«Короткий Змей» - Бернар дю Бушерон
Шрифт:
Интервал:
Закладка:
«А потом, – сказал он, – мы сожрем твой труп, если нас к тому принудит голод». Угроза прибавила Ульфу мужества, и он покорно шел до наступления ночи. Но потом не смог заснуть и тревожил сон товарищей бесконечными вздохами. Вскоре презрение и злоба заменили у этих грубых людей участие, которое они поначалу испытывали к Ульфу, и Капитан, спавший очень чутко, лег рядом, чтобы его защищать. Ибо он был решительно готов принести Ульфа в жертву для спасения остальных, но не желал допускать преступления, угрожавшего развалить все их предприятие. Лампа на тюленьем жиру не спасала от сильного мороза, пробиравшегося в самодельную палатку, и всем приходилось спать одетыми. Утром они поднялись, измученные ознобом. Замерзший пот покрывал их, как панцирь. Состояние и поведение Ульфа ухудшились.
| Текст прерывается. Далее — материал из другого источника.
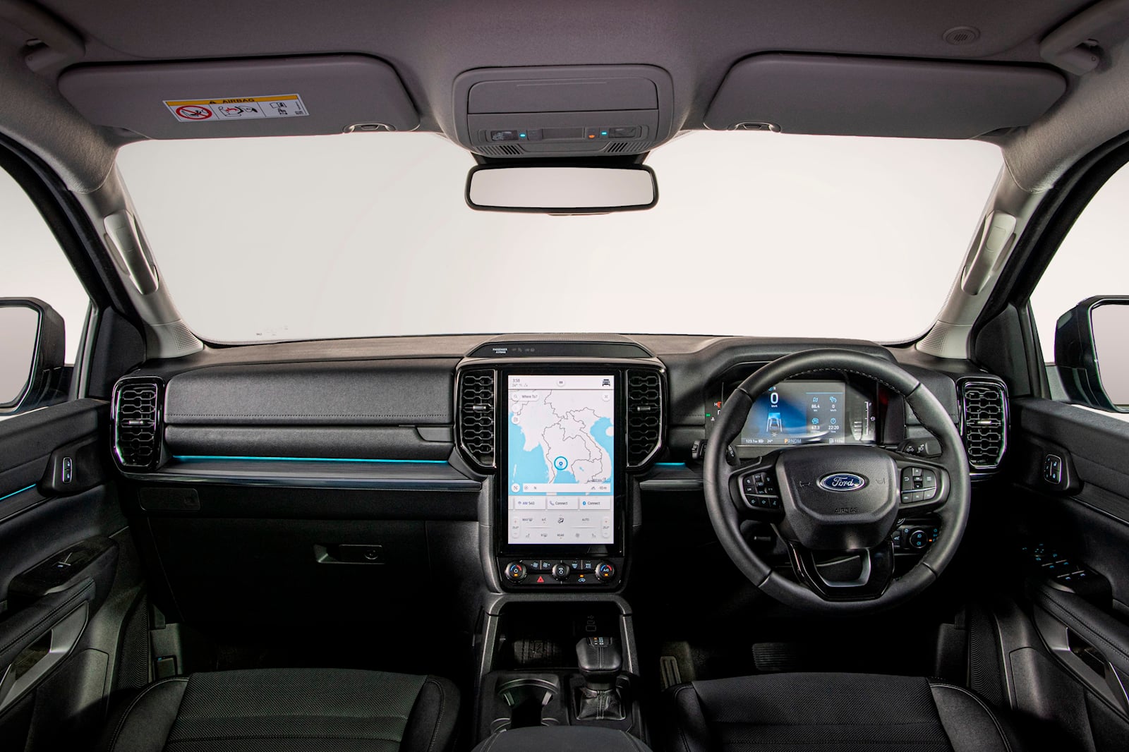 وفي الداخل ، توفر إيفرست مقصورة واسعة وحديثة مستوحاة من المنازل الحديثة. ويمكن ملاحظة ذلك في استخدام خامات راقية وإضاءة محيطة جذابة. وتشمل الميزات المتوفرة مقعد السائق بتعديل كهربائي في 10 اتجاهات ، وتدفئة وتهوية للمقعد الأمامي ، ومجموعة عدادات رقمية مقاس 12.4 بوصة. وينزلق الصف الثاني للأمام أكثر من ذي قبل ، مما يجعل الوصول إلى الصف الثالث أسهل. وتحتوي الفئات ذات المواصفات الأقل على لوحة عدادات رقمية مقاس 8 بوصات وشاشات تعمل باللمس مقاس 10.1 بوصة ، ولكن تتوفر أيضًا شاشة تعمل باللمس مقاس 12.1 بوصة.

Он шел так медленно и останавливался так часто, что менее чем за час товарищи опередили его на полмили. Он сел тогда на смерзшийся снег и стал умолять их вернуться за ним. Не раз укладывался он на замороженные шкуры, что служили грузовыми санками, и просил его тащить. Остальные поднимали его пинками – и прикончили бы, если б не вмешательство Капитана. Они убили глупыша, отставшего от стаи во время перелета. Выслеживали его несколько часов, пока он кружил над ними в поисках пропитания. Капитан, который остался с подчиненными, чтобы предотвратить драку за этот скромный трофей, предложил его Ульфу Йонссону еще теплым, несмотря на протесты остальных. Ульф попытался пить кровь, его вырвало. Капитан вырезал печень и протянул ее Ульфу, тот положил ее в рот, мгновение продержал, не пытаясь жевать, и с отвращением выплюнул. Один из двоих жадно схватил ее и заглотил. Именно тогда Капитан решил пожертвовать Ульфом во имя успеха экспедиции. Ульф остался лежать на льду и с завываниями призывал удаляющихся товарищей, пока те находились в досягаемости его голоса. Капитан вернулся, встал на колени перед Ульфом и спросил его, вправду ли он ни за что не пойдет дальше. Ульф подтвердил. Капитан оглушил его обломком льда и погрузил ему в сердце нож. Потом прочел молитву о погибших в море и продолжил путь на юг.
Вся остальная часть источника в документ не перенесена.